Dataset items

______________________________

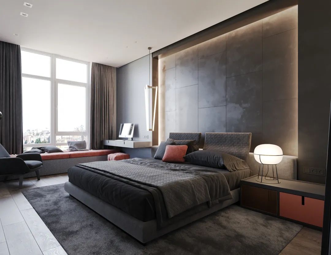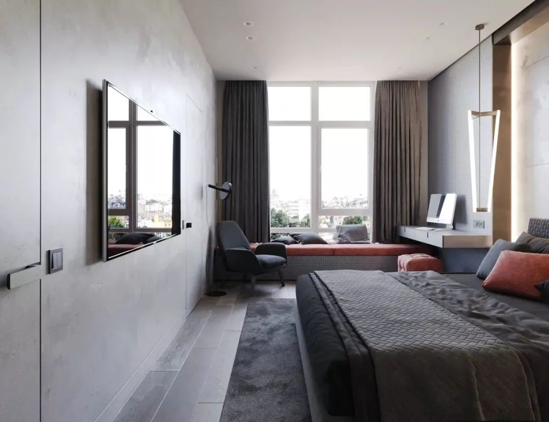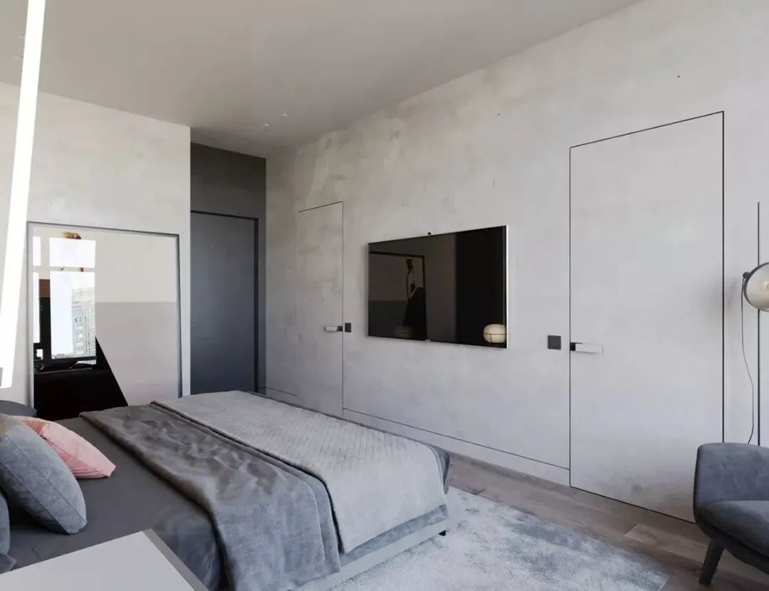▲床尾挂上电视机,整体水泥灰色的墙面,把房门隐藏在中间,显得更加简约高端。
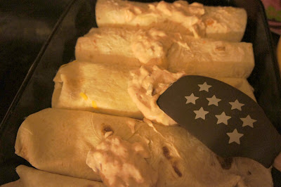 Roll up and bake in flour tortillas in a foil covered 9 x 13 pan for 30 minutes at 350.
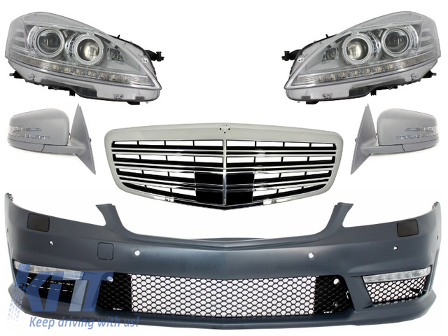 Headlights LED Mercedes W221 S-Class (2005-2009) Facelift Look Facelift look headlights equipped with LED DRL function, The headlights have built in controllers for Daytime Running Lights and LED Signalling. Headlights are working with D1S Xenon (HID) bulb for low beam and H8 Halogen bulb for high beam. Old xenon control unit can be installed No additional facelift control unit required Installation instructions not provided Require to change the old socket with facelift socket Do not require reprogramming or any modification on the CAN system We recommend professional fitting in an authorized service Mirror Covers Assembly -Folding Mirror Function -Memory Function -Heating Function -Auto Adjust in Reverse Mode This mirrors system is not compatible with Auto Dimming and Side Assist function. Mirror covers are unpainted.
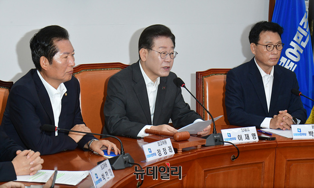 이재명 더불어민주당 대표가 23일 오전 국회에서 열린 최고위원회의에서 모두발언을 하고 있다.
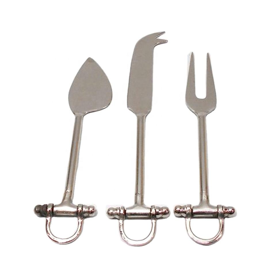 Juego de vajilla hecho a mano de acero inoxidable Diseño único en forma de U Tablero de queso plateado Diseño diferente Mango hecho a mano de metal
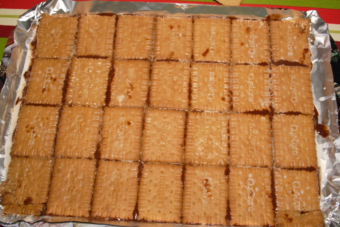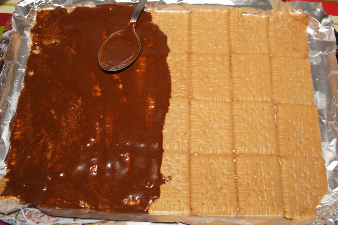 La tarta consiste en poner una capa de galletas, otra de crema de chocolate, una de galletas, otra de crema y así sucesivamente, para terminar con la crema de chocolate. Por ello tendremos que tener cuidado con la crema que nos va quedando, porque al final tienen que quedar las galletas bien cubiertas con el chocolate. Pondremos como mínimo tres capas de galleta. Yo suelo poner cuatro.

______________________________

→ **PROBLEM STATEMENT**
Each line from the top of the records through the one containing "Roll up and" needs to be transcribed exactly, without pictures.

→ **EXERCISE OUTPUT**
▲床尾挂上电视机,整体水泥灰色的墙面,把房门隐藏在中间,显得更加简约高端。
 Roll up and bake in flour tortillas in a foil covered 9 x 13 pan for 30 minutes at 350.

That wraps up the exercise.